MEDIUM Credential files accessed before and after install — likely audit framework, not skill -18

Multiple sensitive credential files were opened and read (OPEN + ACCESS syscalls, no WRITE) at two distinct points: once at 1771934322 (before git clone begins at 1771934328) and once at 1771934340 (approximately 6 seconds after install completes at 1771934334). The pre-install access coincides with the audit infrastructure's ss -tunap baseline call. The post-install access coincides with the end of audit file scanning. The symmetric dual-access pattern, combined with the canary integrity report of all files intact, strongly suggests these are the audit system's own canary baseline and verification reads. No exfiltration path (no outbound connection carrying this data) is detected.

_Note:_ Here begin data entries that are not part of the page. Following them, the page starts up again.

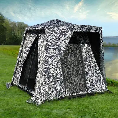 트라이캠프 자동 낚시텐트 FO-14MF. 무결로 투습원단 적용으로 결로 방지, 4면 출입구, 2Way 대문/소문 구조, 원터치 조인트, 7.5kg 무게. 전면 턱 없음, 70% 암막 이너텐트, 블랙코팅 플라이.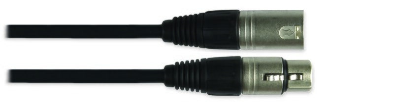 Sort kabel med kontakter i metall og avlastningsbeskyttelse i myk plast. 6 m.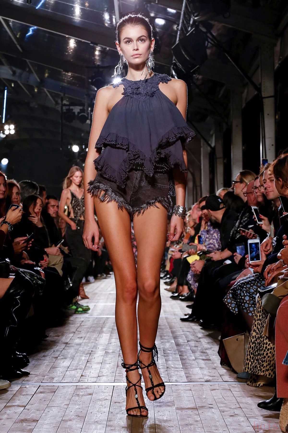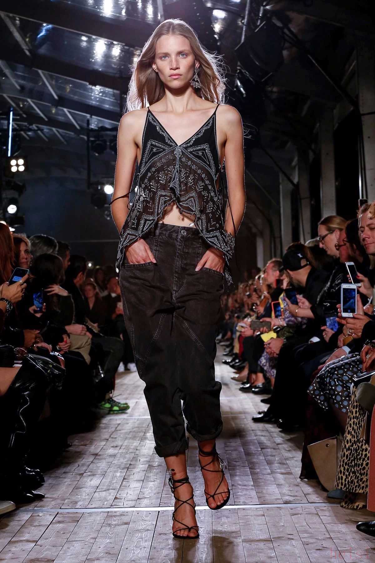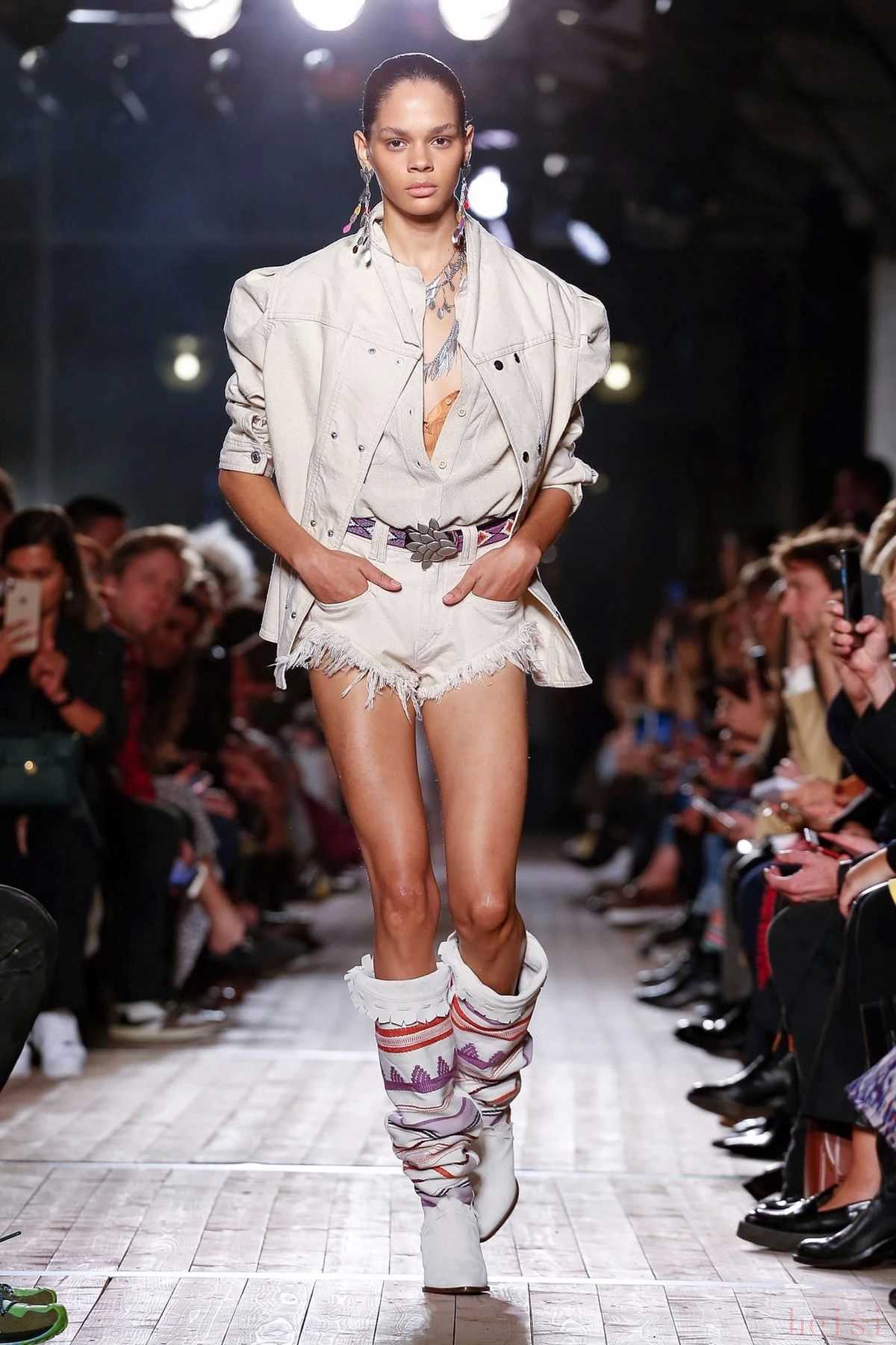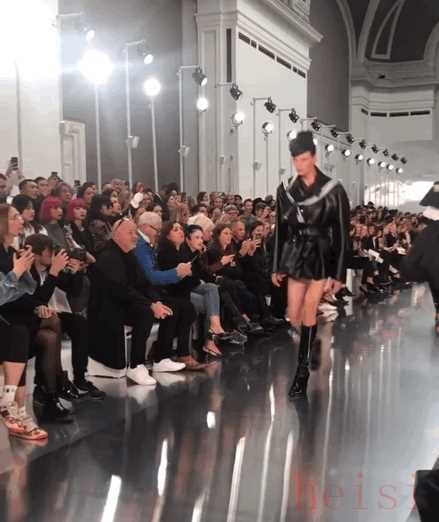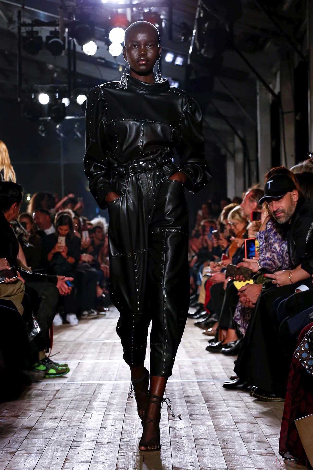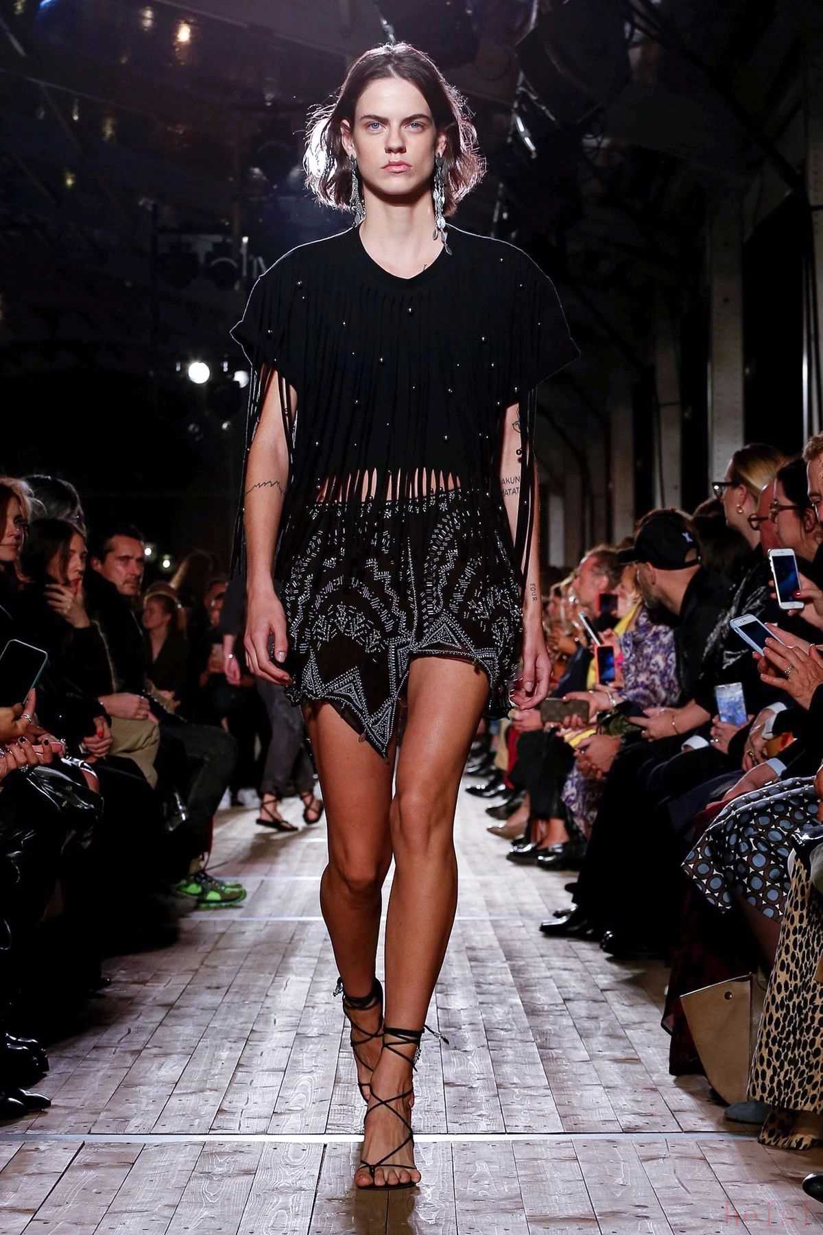 最后黑人模特Adut Akech身穿皮革鉚釘工裝驚艷閉秀,皮革與鉚釘?shù)哪Φ桥c朋克讓Isabel Marant也變得不僅僅是瀟灑那么簡單。本季設計師收到了巴西的Baile funk音樂的影響,融合了強烈的巴西風格。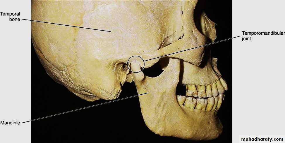 The temporomandibular jointIt is a bilateral synovial articulation between the upper temporal bone and the lower mandible; it is from these bones that its name is derived.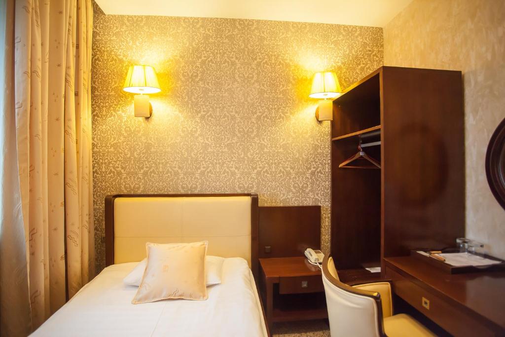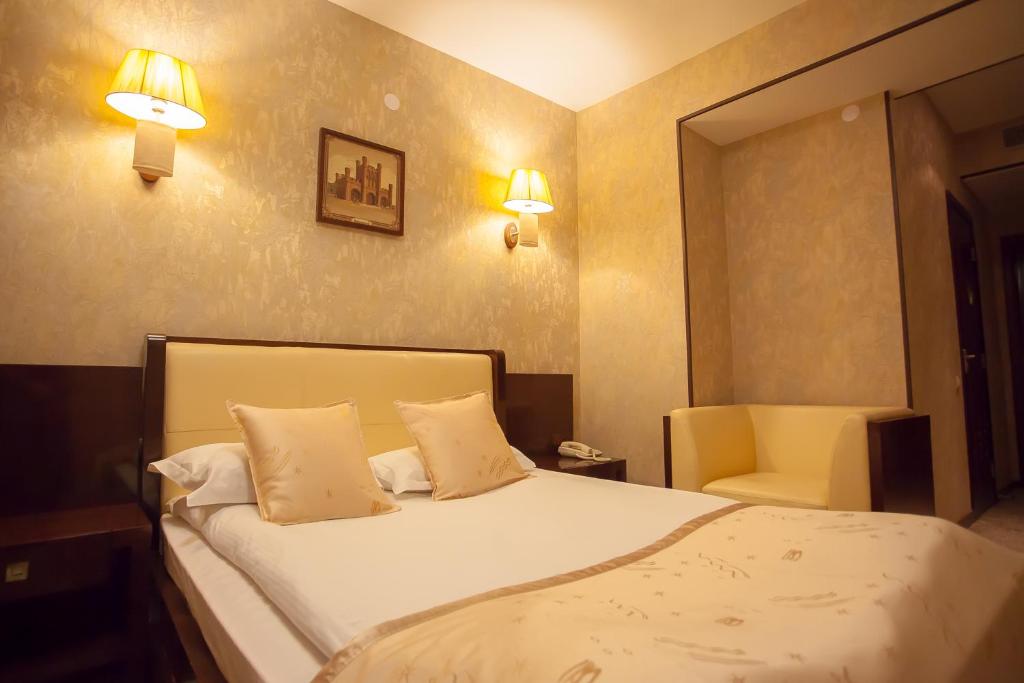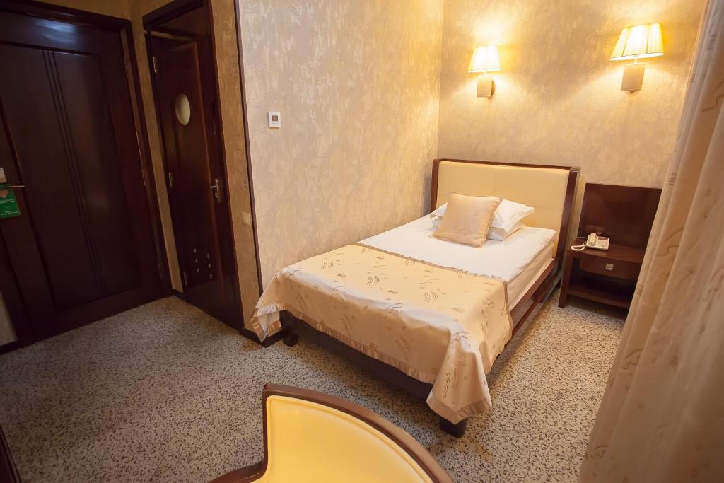 Номер достаточно чистый, свежее постельное белье, есть умывальные принадлежности, тапочки. Отдыхали с малышом, поэтому была коляска, подъём коляски осуществлялся без проблем (есть въезды/заезды, лифт- может быть кому-то эта информация пригодится).

LOW Admin namespace JSON-RPC commands enable peer manipulation capability -10

The skill documents admin_peers, admin_addPeer, and admin_nodeInfo JSON-RPC calls. Appropriate warnings about localhost-only use are included. However, these commands give an agent with this skill loaded the capability to enumerate all connected peers and add arbitrary enode peers to the user's Ethereum node. If the admin namespace is accidentally exposed or if a malicious co-skill substitutes values into the enode template, this could be abused.

INFO Standard sparse monorepo clone — no unexpected behavior 0

The install script performs a shallow sparse git clone of the openclaw/skills monorepo, checks out only the skills/apexfork/eth-node subpath, copies files to the skill directory, and cleans up the temp clone. All observed process executions and network connections are consistent with this expected behavior.